(Task objective):
Below are entries. Copy exactly the lines running from the line that holds "Платформа позволяет запланировать" to the line that holds "Bæjarráð fagnar því", with both ends included.

(Exercise data):
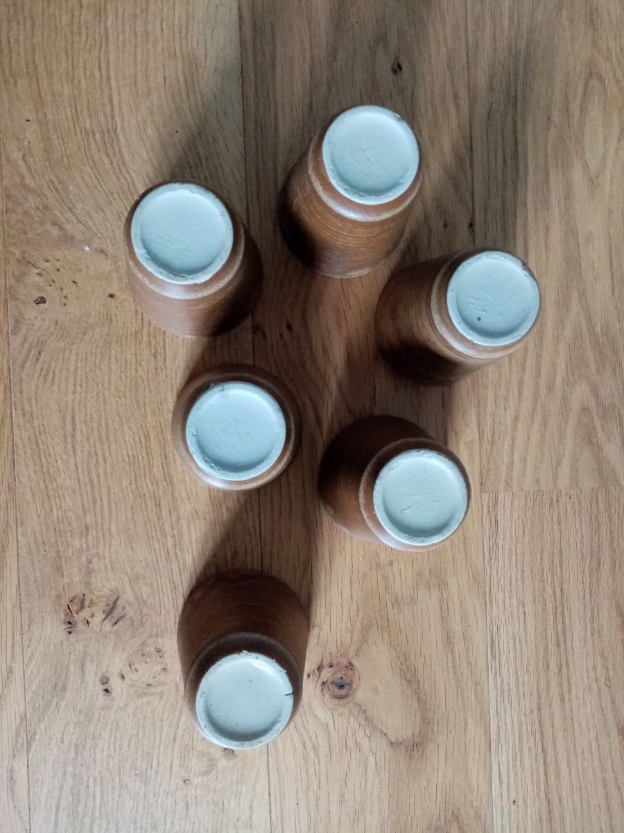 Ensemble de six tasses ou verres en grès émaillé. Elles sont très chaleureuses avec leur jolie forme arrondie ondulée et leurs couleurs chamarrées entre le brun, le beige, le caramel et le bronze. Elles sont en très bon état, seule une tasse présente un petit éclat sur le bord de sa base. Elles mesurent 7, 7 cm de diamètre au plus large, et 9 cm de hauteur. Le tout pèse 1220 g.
...
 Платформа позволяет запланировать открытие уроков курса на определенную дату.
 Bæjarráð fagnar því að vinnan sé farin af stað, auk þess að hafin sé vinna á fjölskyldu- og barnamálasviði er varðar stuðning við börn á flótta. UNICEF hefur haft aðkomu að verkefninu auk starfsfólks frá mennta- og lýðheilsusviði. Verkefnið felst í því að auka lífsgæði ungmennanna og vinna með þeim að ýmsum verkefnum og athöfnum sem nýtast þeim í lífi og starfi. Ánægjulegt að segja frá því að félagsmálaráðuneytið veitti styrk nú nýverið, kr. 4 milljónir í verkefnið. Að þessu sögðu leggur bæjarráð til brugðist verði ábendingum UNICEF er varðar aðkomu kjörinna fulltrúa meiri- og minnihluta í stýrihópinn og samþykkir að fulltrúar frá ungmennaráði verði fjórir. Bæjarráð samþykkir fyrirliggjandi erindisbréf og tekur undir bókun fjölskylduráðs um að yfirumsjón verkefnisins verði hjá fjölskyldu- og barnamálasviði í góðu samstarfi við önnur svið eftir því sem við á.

(Solution to this task):
 Платформа позволяет запланировать открытие уроков курса на определенную дату.
 Bæjarráð fagnar því að vinnan sé farin af stað, auk þess að hafin sé vinna á fjölskyldu- og barnamálasviði er varðar stuðning við börn á flótta. UNICEF hefur haft aðkomu að verkefninu auk starfsfólks frá mennta- og lýðheilsusviði. Verkefnið felst í því að auka lífsgæði ungmennanna og vinna með þeim að ýmsum verkefnum og athöfnum sem nýtast þeim í lífi og starfi. Ánægjulegt að segja frá því að félagsmálaráðuneytið veitti styrk nú nýverið, kr. 4 milljónir í verkefnið. Að þessu sögðu leggur bæjarráð til brugðist verði ábendingum UNICEF er varðar aðkomu kjörinna fulltrúa meiri- og minnihluta í stýrihópinn og samþykkir að fulltrúar frá ungmennaráði verði fjórir. Bæjarráð samþykkir fyrirliggjandi erindisbréf og tekur undir bókun fjölskylduráðs um að yfirumsjón verkefnisins verði hjá fjölskyldu- og barnamálasviði í góðu samstarfi við önnur svið eftir því sem við á.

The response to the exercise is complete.